Intanto il mondo, in questo film di Joseph Rusnak, non è bipolare: non è una schermata e non è un'interfaccia per rendere l'esistenza più o meno interessante. La vita è uno slittare continuo di piani, un interscambio di anime che prendono possesso di corpi "paralleli" che vivono nelle altre dimensioni. Ci sono circuiti e scosse elettriche: è, in definitiva, fantascienza, non illusione autoindotta. Ma l'essenza dell'anima nel suo viaggio è fantasmatica, fluida e improvvisa, come una possessione angelica e come un lungo, dolorosissimo esorcismo dalle proprie certezze.

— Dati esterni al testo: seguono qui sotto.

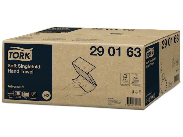 Brug Tork Singlefold Advanced Håndklædeark til at klare behovene for håndaftørring. Disse håndklædeark passer i Tork Dispenser Singlefold Håndklædeark, som er velegnet til krævende miljøer og har pålidelig ét-ad-gangen dispenserfunktion, der kontrollerer forbruget og fremmer god håndhygiejne.

La situazione è complicata dal fatto che in uno dei mondi possibili si inventa un macchinario in cui è possibile trasmigrare, per così dire, da una sceneggiatura all'altra. Non c'è più modo di recuperare l'integrità di una sola "sfoglia" di reale, ma il dubbio, come un acido, le perfora tutte e in ognuna di queste qualcuno viene a conoscenza della finitezza e dell'irrealtà del proprio esistere. Ciascuno di coloro che vengono a sapere del mondo-ologramma, lungi dal tornare a riferire dell'inganno, comincia una ricerca solipsistica, allontanandosi dallo sfondo consueto, ignorando i rassicuranti segnali che danno un senso a ciò che si va costruendo sotto i suoi occhi.

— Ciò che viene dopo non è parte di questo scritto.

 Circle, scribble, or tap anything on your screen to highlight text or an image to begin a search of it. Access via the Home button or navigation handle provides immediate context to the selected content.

Due ore scarse non bastano ad approfondire una filosofia di vita paragonabile a quella della trilogia di Matrix; né, mi pare, c'è ne Il tredicesimo piano l'intenzione politica e religiosa riconoscibile nella tessitura demoniaca dell'ingegnere creato dai fratelli Wackowski. Ma il film di Rusnak ha il pregio di una leggerezza di fondo da pretese eccessive, con il risultato invidiabile per lo spettatore di poter scavare meglio nelle dinamiche affettive dei personaggi, che non vogliono profeti e non vogliono rivelazioni, ma vogliono rimanere chiusi nel loro mondo.

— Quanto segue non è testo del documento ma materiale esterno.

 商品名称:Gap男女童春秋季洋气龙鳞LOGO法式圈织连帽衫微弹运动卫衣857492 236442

Il tredicesimo piano, privo degli inutili orpelli misteriosofici di dubbio interesse nell'ultimo episodio di Matrix, è tra l'altro anche un film molto ben scritto e ben recitato, in particolare dai protagonisti. Craig Bierko (che è stato Jeffrey Coho nella terza serie di Boston Legal) è capace di disegnare tre personaggi molto diversi tra loro, dando a ciascuno un'anima e Armin Müller-Stahl sa affrontare le doppiezze e i nodi di un'anima nel corso della stessa esistenza. Ancora più bravi la bella Gretchen Mol e il camaleontico Vincent D'Onofrio, nello spartirsi tratti e sfumature tra i mondi in competizione.
Forse Il tredicesimo piano non apre una vera porta sul reale e non pone interrogativi esistenziali forti, come comunque mi accade con Matrix: ma, mi sembra, fa vedere di scorcio, un po' più e un po' meglio, chi è l'uomo e ne dà un quadro. Scusate se è poco.